▶ [WHAT YOU WILL DO]: Below are the records; repeat exactly their lines between the line holding "Die Gäste werden" and the line holding "A grayscale, upward-angled", inclusive, skipping the pictures.

▶ [EXERCISE INPUTS]:
═══
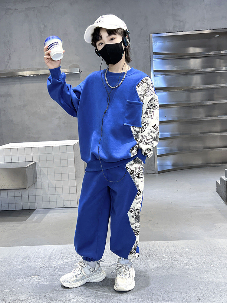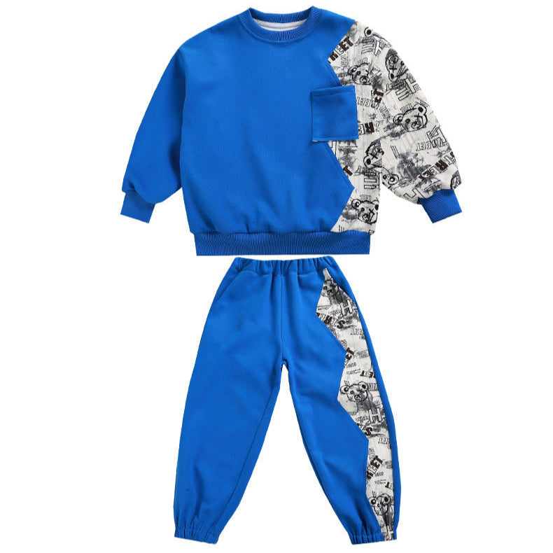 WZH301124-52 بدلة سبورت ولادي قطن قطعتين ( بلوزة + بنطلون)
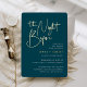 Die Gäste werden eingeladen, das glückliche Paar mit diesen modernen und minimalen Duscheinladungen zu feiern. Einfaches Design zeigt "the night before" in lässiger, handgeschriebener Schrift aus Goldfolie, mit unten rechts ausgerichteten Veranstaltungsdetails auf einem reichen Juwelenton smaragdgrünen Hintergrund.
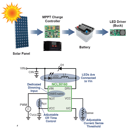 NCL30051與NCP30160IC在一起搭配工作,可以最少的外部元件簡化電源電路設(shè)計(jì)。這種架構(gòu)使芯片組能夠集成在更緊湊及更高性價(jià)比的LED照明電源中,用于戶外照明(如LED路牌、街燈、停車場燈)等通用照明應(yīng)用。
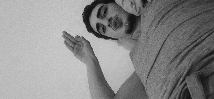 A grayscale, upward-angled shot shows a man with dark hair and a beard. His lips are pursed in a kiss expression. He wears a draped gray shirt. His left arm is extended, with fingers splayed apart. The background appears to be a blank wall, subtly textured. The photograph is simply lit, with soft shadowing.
═══
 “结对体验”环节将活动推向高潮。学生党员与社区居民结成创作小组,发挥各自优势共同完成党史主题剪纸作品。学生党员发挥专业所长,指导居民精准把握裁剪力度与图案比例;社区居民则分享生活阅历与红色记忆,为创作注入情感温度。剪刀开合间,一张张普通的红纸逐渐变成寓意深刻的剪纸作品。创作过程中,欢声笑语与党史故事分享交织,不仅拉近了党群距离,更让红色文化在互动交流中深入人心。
═══
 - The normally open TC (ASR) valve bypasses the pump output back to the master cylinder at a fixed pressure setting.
═══
▶ [RESULT]:
 Die Gäste werden eingeladen, das glückliche Paar mit diesen modernen und minimalen Duscheinladungen zu feiern. Einfaches Design zeigt "the night before" in lässiger, handgeschriebener Schrift aus Goldfolie, mit unten rechts ausgerichteten Veranstaltungsdetails auf einem reichen Juwelenton smaragdgrünen Hintergrund.
 NCL30051與NCP30160IC在一起搭配工作,可以最少的外部元件簡化電源電路設(shè)計(jì)。這種架構(gòu)使芯片組能夠集成在更緊湊及更高性價(jià)比的LED照明電源中,用于戶外照明(如LED路牌、街燈、停車場燈)等通用照明應(yīng)用。
 A grayscale, upward-angled shot shows a man with dark hair and a beard. His lips are pursed in a kiss expression. He wears a draped gray shirt. His left arm is extended, with fingers splayed apart. The background appears to be a blank wall, subtly textured. The photograph is simply lit, with soft shadowing.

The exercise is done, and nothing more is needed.